My Mother and I at WDA Global Summit 2014

My Mother and I Photographer Pete Pin copyChey Chankethya, as one of Cambodia’s top classical dancer, has had opportunities to perform nationally and internationally. Now that she has just finished her MFA program in UCLA on Fullbright scholarship and we are very proud of her. She is now in Angers, France as an Artistic Director on behalf of Amrita Performing Arts at WDA Global Summit 2014 and she is going to perform her piece My Mother and I which is choreographed, performed and sound designed by herself at the showcase program. This work exposes the legacies of classical Cambodian dance through a contemporary lens. The solo is propelled by virtuosic physical precision, theatrical gesture, and spoken word. It explores the relationships between three women (the choreographer, her mother, and her dance master) to create a dialogue on the tension between individualism and conformity in politically oppressive societies. Kethya’s work puts the medium of Cambodian dance in direct conversation with its audience as she poses questions about responsibility, lineage, and the future.

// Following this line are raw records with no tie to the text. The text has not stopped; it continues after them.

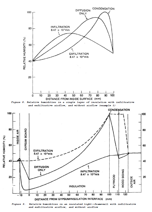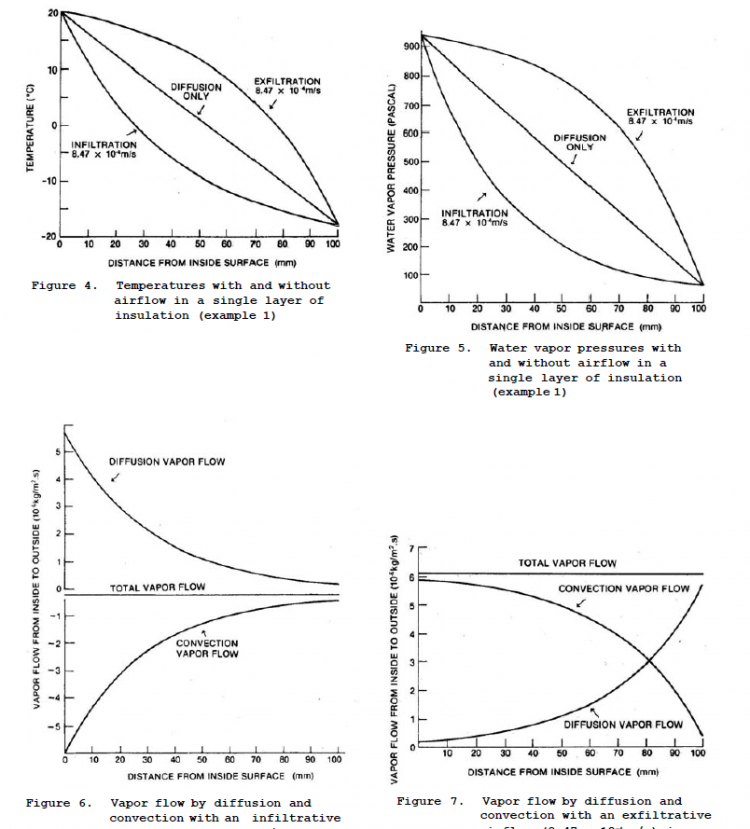 온도와 상대습도 기준, heat transport와 water vapor diffusion/convection equation 기반으로 해석을 해둔 ASHRAE의 1985년 논문이 검색에 걸려 그림만 훑어보는데, 재밌네요.
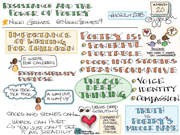 Resistance and the Power of Poetry from @NikkiGrimes9 #KSULit2018 The importance of writing for children: Voice, Identity, Compassion Share this: Share on X (Opens in new window) X Share on Facebook (Opens in new window) Facebook Share on LinkedIn (Opens in new window) LinkedIn Share on Mastodon (Opens in new window) Mastodon More Share on Tumblr (Opens in new window) Tumblr Email a link to a friend (Opens in new window) Email Share on Pinterest (Opens in new window) Pinterest Share on Reddit (Opens in new window) Reddit Like Loading... March 20, 2018 0
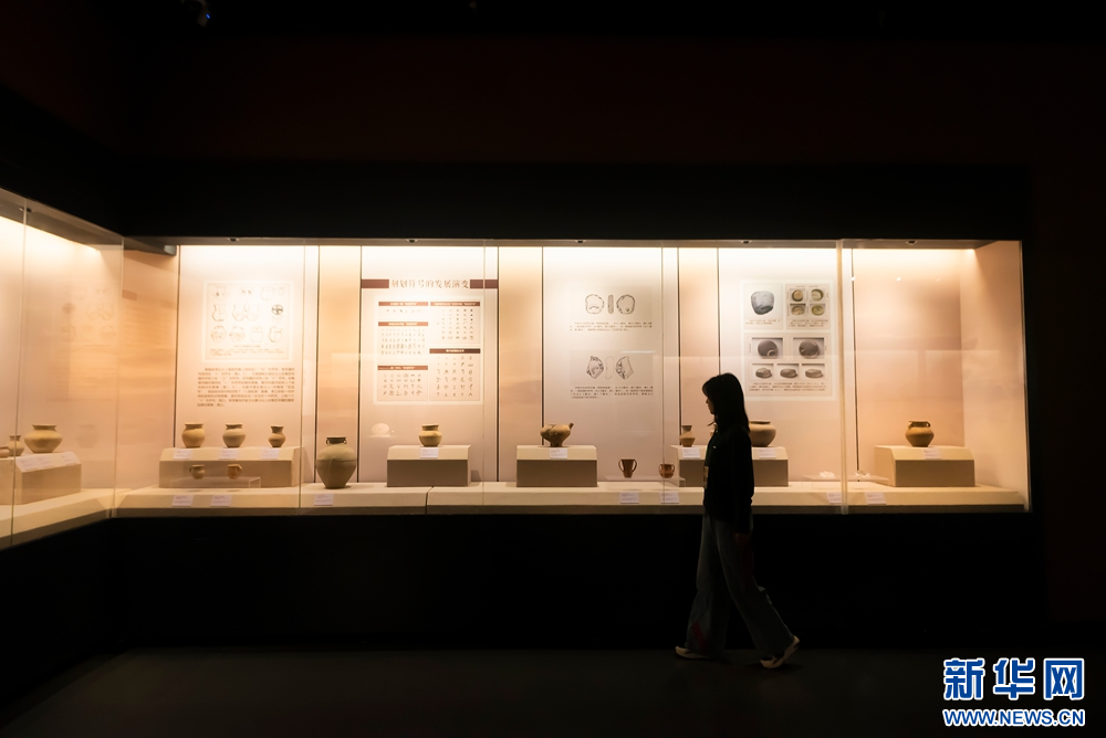 一位游客从陶罐前走过。新华网发(钟世文 摄)

The piece reflects on the current Cambodian environment that is influenced so much by the past. Through syntax and somatic approach, it reveals the connection between now and the past. The piece syntax focuses mainly on utilizing Cambodian classical dance’s principle in a new frame. Since one of the main principles of Cambodian classical dance is narration, the choreographer structured the piece with narrative way but taking a non-lineage approach. In addition, on the somatic level, movements were invented based on Cambodian classical dance vocabularies. The incorporation between the existing dance form with different choreographic structures are mainly focused.

My Mother and I is an example of how traditional culture or the past influences the present and inspires the future. It is the result of an inventive traditional culture that aims to take the classical dance style to the next level. A promising future creates out of the conversation between past and present.